About Us

About Mentoring for Health

Mentoring for Health represents a groundbreaking initiative in the field of precision nutrition, particularly in its focus on lung cancer patients. By integrating diverse data sets from genomics, proteomics, and metabolomics, the project aims to provide personalized dietary recommendations that address the unique nutritional needs of each patient. The project’s innovations in both technology and methodology promise to revolutionize the approach to cancer care, potentially reducing the economic burden of the disease while improving the quality of life and survival rates of patients.
The project’s interdisciplinary nature, combined with its focus on digital health and precision nutrition, positions it to make substantial contributions to the broader field of non- communicable diseases, offering hope for more effective and personalized treatments in the future.

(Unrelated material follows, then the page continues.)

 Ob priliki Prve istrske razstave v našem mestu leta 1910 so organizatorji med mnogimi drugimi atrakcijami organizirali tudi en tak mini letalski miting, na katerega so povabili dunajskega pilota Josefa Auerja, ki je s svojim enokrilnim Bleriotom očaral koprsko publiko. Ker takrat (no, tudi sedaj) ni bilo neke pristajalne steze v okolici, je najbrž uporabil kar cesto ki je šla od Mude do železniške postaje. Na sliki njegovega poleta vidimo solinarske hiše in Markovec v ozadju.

Mentoring for Health aims to confront these challenges by creating a comprehensive precision nutrition model tailored to lung cancer patients, which can also be applied to other malnourished or metabolically impaired populations. The ultimate goal is to improve patients’ nutritional, metabolic, and immunological status, enhance their QoL, increase treatment emcacy, and potentially improve survival rates. The project is set to last 48 months with a budget of 4,031,666€.

The Consortium

The German Cancer Research Centre (Germany): specializes in systemsbiology and mathematical modeling to understand molecular mechanisms that regulate cell communication and tumor development.

IMDEA Food Institute Precision Nutrition & Health (Spain): is a leading European research centre focused on precision nutrition aimed at preventing and treating prevalent chronic diseases, including cancer.

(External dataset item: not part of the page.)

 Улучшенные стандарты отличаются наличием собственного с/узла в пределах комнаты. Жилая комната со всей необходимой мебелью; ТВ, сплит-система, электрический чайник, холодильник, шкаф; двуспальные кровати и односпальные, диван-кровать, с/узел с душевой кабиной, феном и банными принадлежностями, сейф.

Instituto de Investigação e Inovação em Saúde (Portugal): focuses on glycosylation mechanisms in cancer and their implications for therapy.

Max Planck Institute for Dynamics of Complex Technical Systems (Germany): specialises in glycomic, glycoproteomic, and proteomic analysis.

University of Parma (Italy): Hosts the Microbiome Research Hub focuses on the microbiome’s impact on health and the personalisation of dietary interventions.

Infanta Sofía University Hospital (Spain): is a public hospital providing specialised, high-quality care in Northern Madrid. The hospital focuses on the development of the digital platform and volunteer patient recruitment.